## [How to complete this task]
Set down, exactly and only, everything from the line containing "Eesti tuletõrje 100" down to the line containing "A large, vigorous, evergreen" in the data below; the pictures are not part of the copy.

## [Data in this exercise]
=== Section Start ===
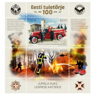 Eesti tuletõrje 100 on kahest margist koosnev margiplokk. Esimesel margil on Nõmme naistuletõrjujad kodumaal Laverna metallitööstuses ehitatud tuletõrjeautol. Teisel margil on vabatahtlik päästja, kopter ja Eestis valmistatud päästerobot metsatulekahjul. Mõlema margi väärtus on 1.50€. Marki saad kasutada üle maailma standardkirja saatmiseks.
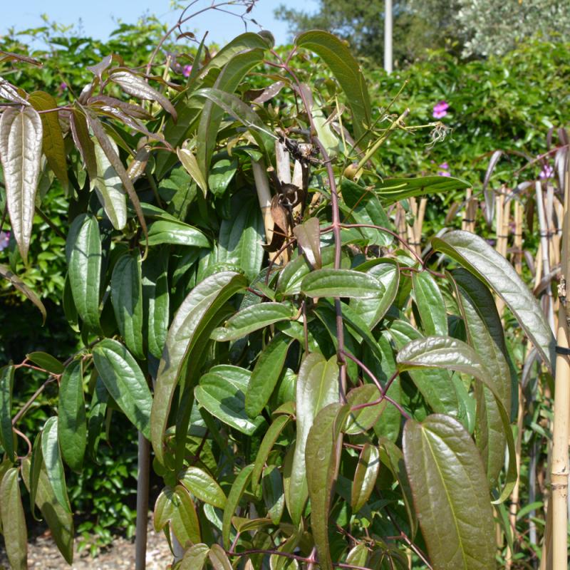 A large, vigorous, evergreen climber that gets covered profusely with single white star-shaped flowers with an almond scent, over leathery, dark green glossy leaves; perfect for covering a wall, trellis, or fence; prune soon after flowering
=== Section End ===
=== Section Start ===
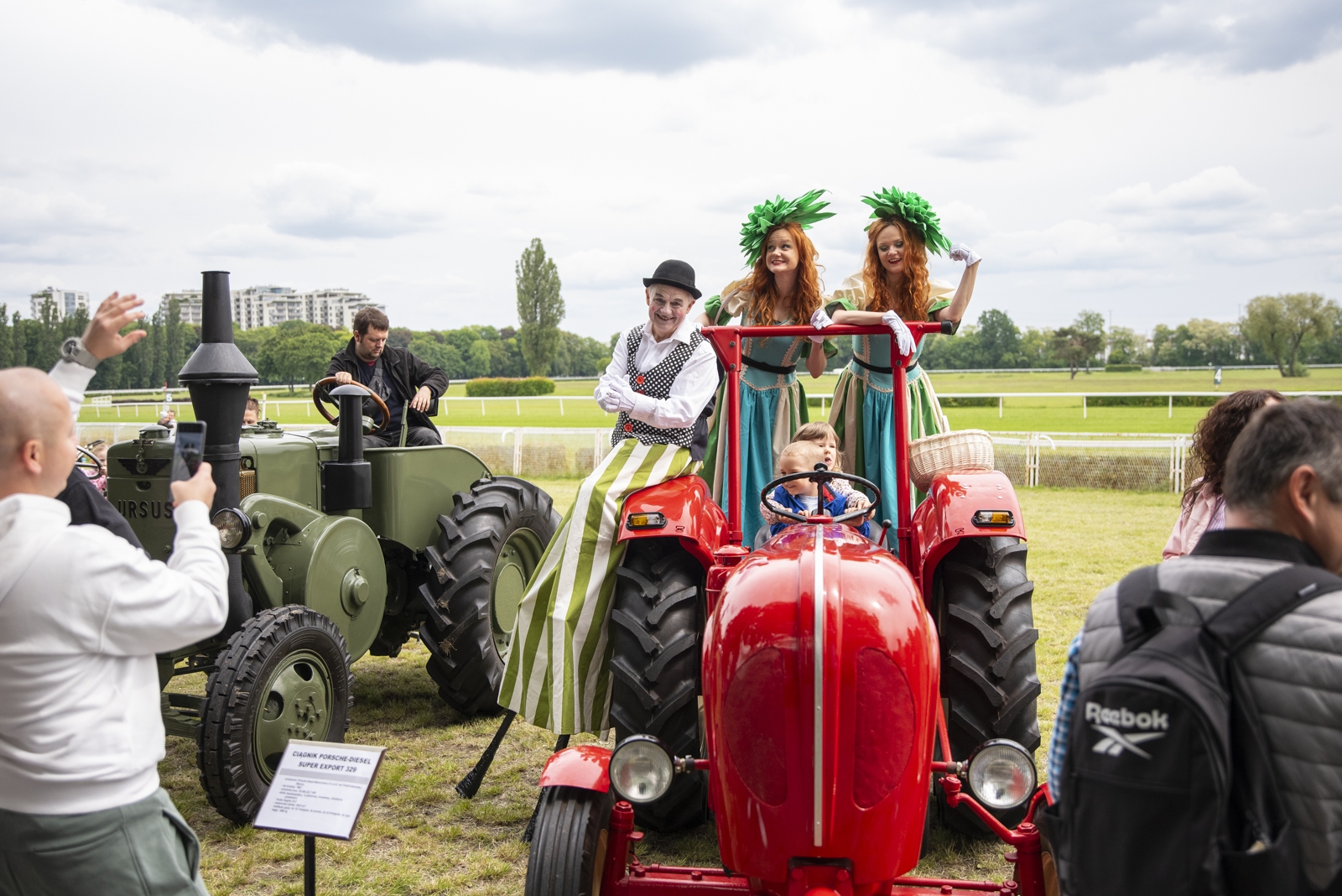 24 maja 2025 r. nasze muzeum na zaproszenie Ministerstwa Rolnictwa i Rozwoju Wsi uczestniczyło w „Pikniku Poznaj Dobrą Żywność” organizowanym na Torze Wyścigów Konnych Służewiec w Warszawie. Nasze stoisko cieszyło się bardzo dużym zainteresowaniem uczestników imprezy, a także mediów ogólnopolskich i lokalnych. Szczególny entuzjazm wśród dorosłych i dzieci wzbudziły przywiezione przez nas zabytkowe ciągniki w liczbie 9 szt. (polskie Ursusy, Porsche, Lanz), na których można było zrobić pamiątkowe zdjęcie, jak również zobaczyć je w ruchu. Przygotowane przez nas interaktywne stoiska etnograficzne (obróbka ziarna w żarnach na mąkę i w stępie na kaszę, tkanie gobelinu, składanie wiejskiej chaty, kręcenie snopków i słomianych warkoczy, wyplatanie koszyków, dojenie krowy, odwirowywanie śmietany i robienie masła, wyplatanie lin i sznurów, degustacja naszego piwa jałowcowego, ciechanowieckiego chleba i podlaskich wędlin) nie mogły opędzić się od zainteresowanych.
=== Section End ===
=== Section Start ===
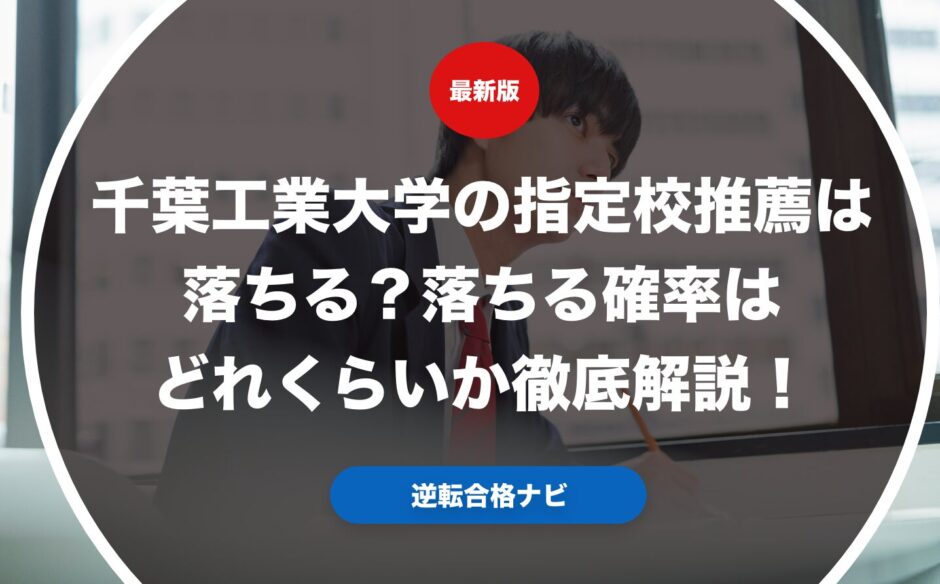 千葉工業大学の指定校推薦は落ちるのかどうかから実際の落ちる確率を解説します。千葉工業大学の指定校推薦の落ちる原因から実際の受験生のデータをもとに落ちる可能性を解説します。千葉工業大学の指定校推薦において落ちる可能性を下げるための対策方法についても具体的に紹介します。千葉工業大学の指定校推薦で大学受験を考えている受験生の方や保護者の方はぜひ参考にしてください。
=== Section End ===
## [Written answer]
 Eesti tuletõrje 100 on kahest margist koosnev margiplokk. Esimesel margil on Nõmme naistuletõrjujad kodumaal Laverna metallitööstuses ehitatud tuletõrjeautol. Teisel margil on vabatahtlik päästja, kopter ja Eestis valmistatud päästerobot metsatulekahjul. Mõlema margi väärtus on 1.50€. Marki saad kasutada üle maailma standardkirja saatmiseks.
 A large, vigorous, evergreen climber that gets covered profusely with single white star-shaped flowers with an almond scent, over leathery, dark green glossy leaves; perfect for covering a wall, trellis, or fence; prune soon after flowering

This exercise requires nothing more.